> _THE PROBLEM_: As output, give the exact lines from the one containing "В экспозиции Межигорья" through the end of the listing below, both included, without the pictures.

> _RECORDS_:
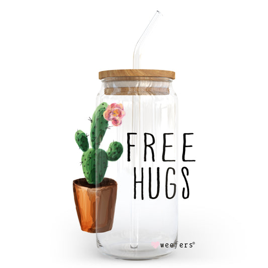 Free Hugs Cactus 20oz Libbey Glass Can, 34oz Hip Sip, 40oz Tumbler UV DTF or Sublimation Decal Transfer
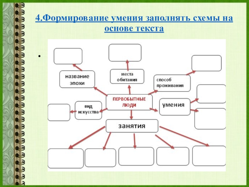 Слайд 204.Формирование умения заполнять схемы на основе текста
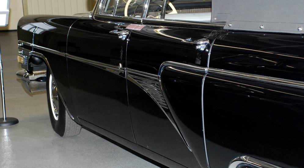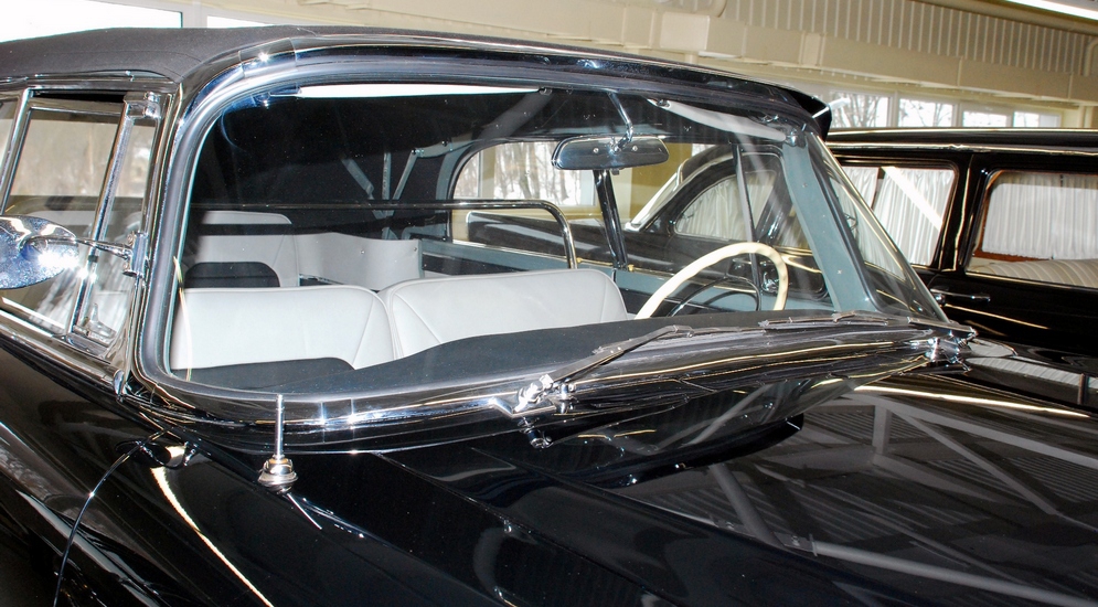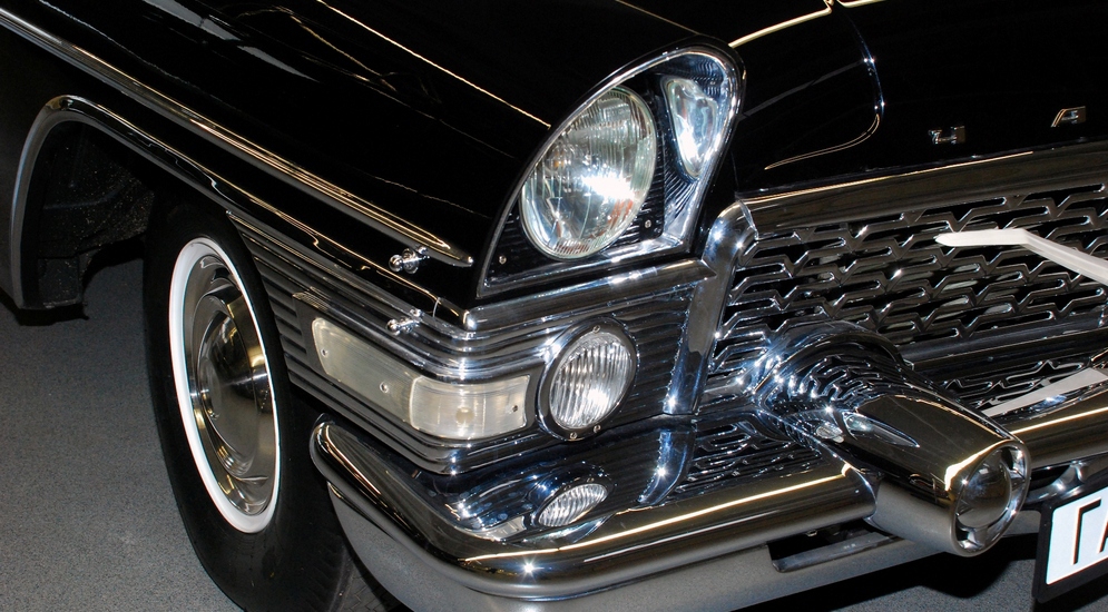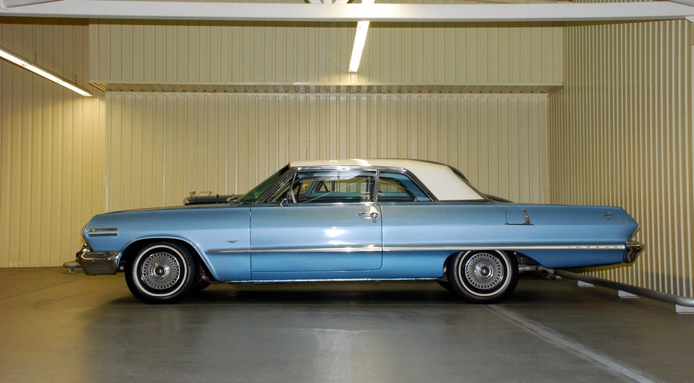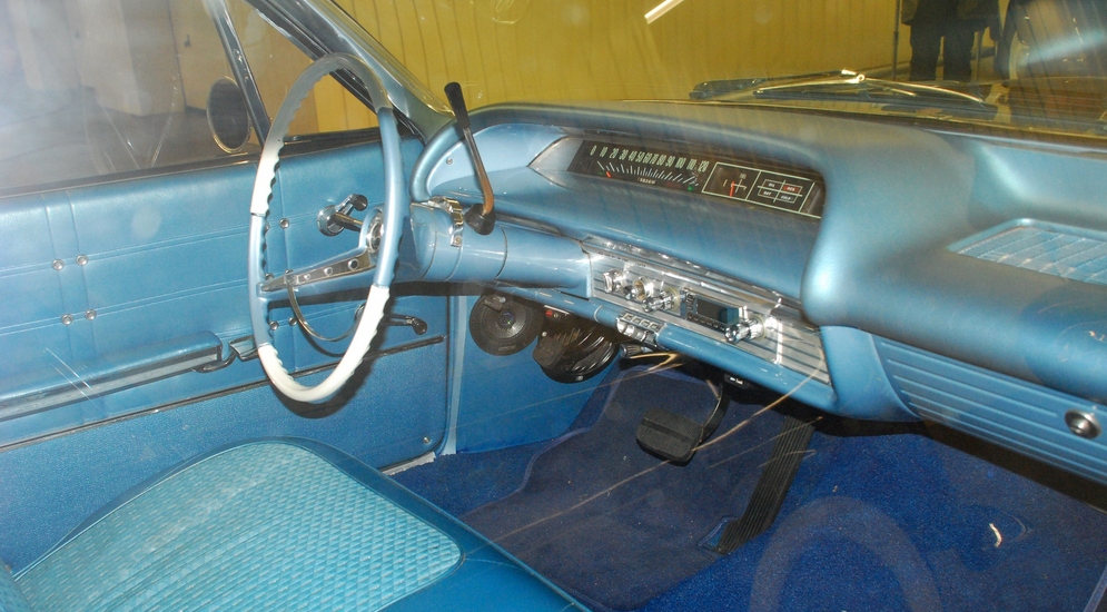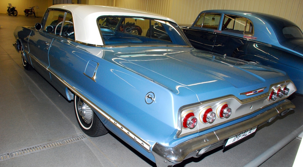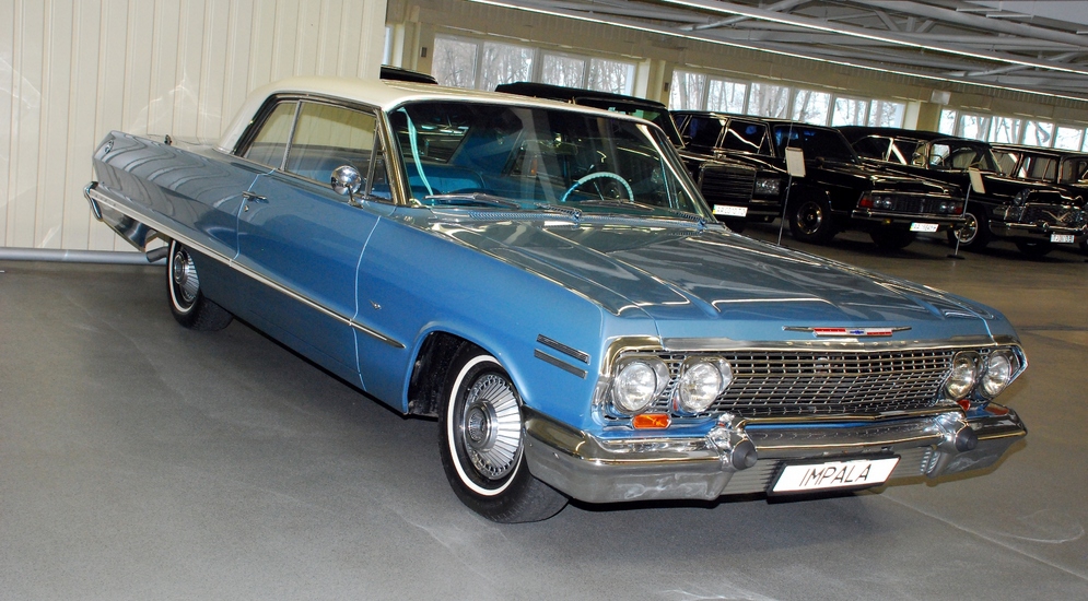 В экспозиции Межигорья представлено третье поколение любимого американцами автомобиля Chevrolet Impala в кузове «двухдверное купе». С такой внешностью авто выпускалось в 1962-1963 гг. Традиционно для американских машин того времени Impala была современной внешне (рестайлинг проходил чуть ли не ежегодно), а вот технической новизной купе не блистало. По уровню технического развития машина находилась на одном уровне с нашей ГАЗ-21. Подвеску, генератор, помпу, карданный вал приходилось часто шприцевать, масло требовало замены через 3-4 тысячи км. Отопитель салона и усилитель тормозов предлагались только за доплату. По одной из версий, небесно-голубое купе – это подарок ко дню рождения самого главного украинского чиновника.
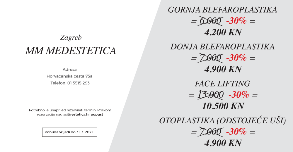 Za gornju ćete blefaroplastiku tako trebati izdvojiti samo 4.200 kuna, a za donju 4.900 kuna, dok će vas operacija odstojećih ušiju s popustom stajati svega 4.900 kuna.
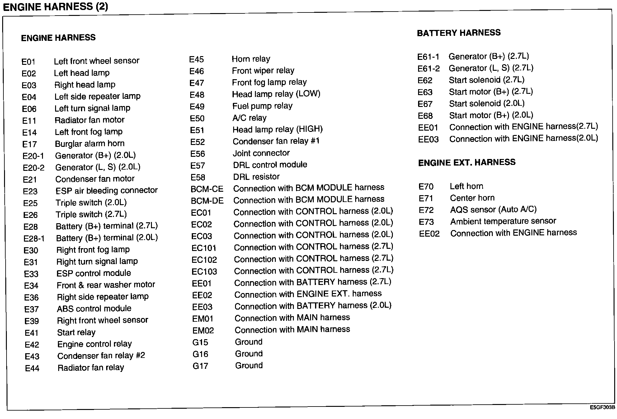Engine Harness Index:

> _ANSWER BOX_:
 В экспозиции Межигорья представлено третье поколение любимого американцами автомобиля Chevrolet Impala в кузове «двухдверное купе». С такой внешностью авто выпускалось в 1962-1963 гг. Традиционно для американских машин того времени Impala была современной внешне (рестайлинг проходил чуть ли не ежегодно), а вот технической новизной купе не блистало. По уровню технического развития машина находилась на одном уровне с нашей ГАЗ-21. Подвеску, генератор, помпу, карданный вал приходилось часто шприцевать, масло требовало замены через 3-4 тысячи км. Отопитель салона и усилитель тормозов предлагались только за доплату. По одной из версий, небесно-голубое купе – это подарок ко дню рождения самого главного украинского чиновника.
 Za gornju ćete blefaroplastiku tako trebati izdvojiti samo 4.200 kuna, a za donju 4.900 kuna, dok će vas operacija odstojećih ušiju s popustom stajati svega 4.900 kuna.
Engine Harness Index:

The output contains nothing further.